Our brains are suckers for story. They’ll take the most benign stimuli (like most powerpoints, car dealership commercials, and mission statements) and attempt to knit narratives from them in an exhaustive effort to make sense of the world.

Here’s a brilliant example: watch this one-minute film, created in 1944, and scribble down what you see. Show it to others and see what stories they create.

Of the 114 test subjects in the Heider/Simmel study who saw this rudimentary film of crude geometric shapes darting around a box, 113 of them fabricated elaborate stories about what was happening between the protagonist and antagonist. Only one subject said it was just shapes moving around. The test has been repeated many times, and the findings remain the same: Our brains are hardwired to generate stories that create supposed order in our world.

Now that you’ve experienced how your mind is constantly subconsciously producing stories that prompt your behavior, overlay this phenomenon with another fundamental human reaction to stimuli that causes us to tell ourselves lies honestly.

The Fundamental Attribution Error

Remember the last time someone cut you off in traffic? What foul names did you call that driver? Or more importantly, what sort of aspersions did you cast upon their character? Did you judge them as a lousy, inconsiderate neanderthal, someone who obviously has the social grace of a musk ox, and who has probably been a jerk since birth?

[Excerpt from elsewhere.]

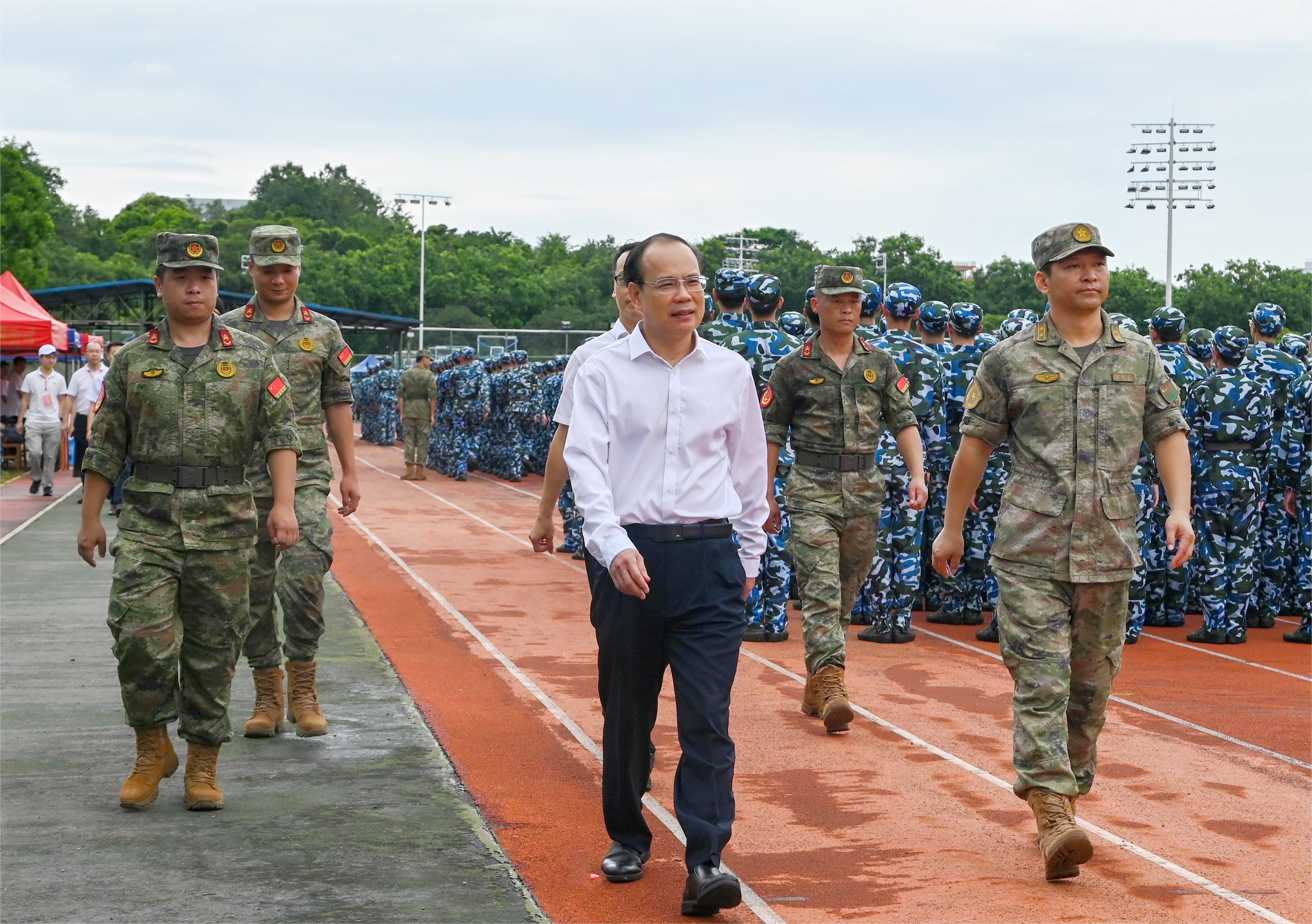 骄阳烈日磨心志,青春热血铸军魂。2023级学生军训已过半程,学校各部门齐心协力做好保障,教官认真负责、科学施训,学生斗志昂扬、刻苦训练,2023级本科生正在经历着青春的成长与蜕变。自军训工作开展以来,学校领导高度重视,党委书记胡钦太,党委副书记、校长邱学青,党委副书记陈卓武先后到训练场慰问指导,与各团营的教官、指导员亲切交流,了解军训进展以及同学们的训练情况。

What if they were really racing to the hospital because their daughter was lying in the back seat bleeding profusely? Or maybe they just broke up with a significant other, or got word that a loved one had just passed away? Maybe they just had to take a piss really, really bad.

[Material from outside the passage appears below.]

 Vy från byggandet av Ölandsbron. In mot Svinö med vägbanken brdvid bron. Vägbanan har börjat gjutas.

Our propensity to knit narratives out of the most basal stimuli also causes us to make snap judgments called fundamental attribution errors. This describes our propensity to over-value personality-based explanations for an observed behavior of others while under-valuing the actual circumstance that is truly affecting the behavior.

We automatically tell ourselves stories, which are typically inaccurate, unless…

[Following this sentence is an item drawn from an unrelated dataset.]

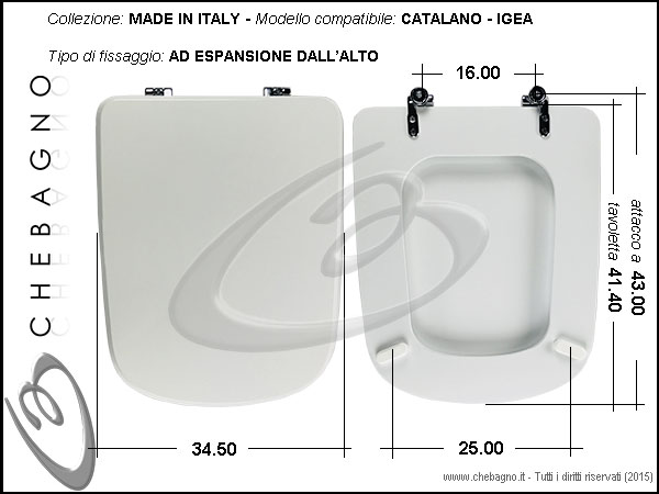 IMPORTANTE: Prima dell'acquisto controllare la corrispondenza delle misure della scheda tecnica con il sanitario.

…we are being guided by external stories that are relevant, interesting and authentic.

So what stories are you telling about your product, service, cause or company? They better be good, and accurate, because your customers are crafting their own about you as I type. We can’t help it. We’ve survived for thousands of years primarily because we’re expert storytellers. Stories help us make sense of our world, prepare us for danger, and poise us for opportunities. And we’ll make up these stories on the run, whether they’re accurate or not.

This is but one example of how storytelling drives our lives – “because humans live in landscapes of make-believe” –  according to Jonathan Gottschall in his fascinating book, The Storytelling Animal, How Stores Make Us Human.

“Drawing on the latest research in neuroscience, psychology, and evolutionary biology, Gottschall tells us what it means to be a storytelling animal. Did you know that the more absorbed you are in a story, the more it changes your behavior? That all children act out the same kinds of stories, whether they grow up in a slum or a suburb? That people who read more fiction are more empathetic?”

If you want to learn why our brains are so susceptible to storytelling, and how to start to engage people and create the behavior change you’re looking for, The Storytelling Animal is a must addition to your library.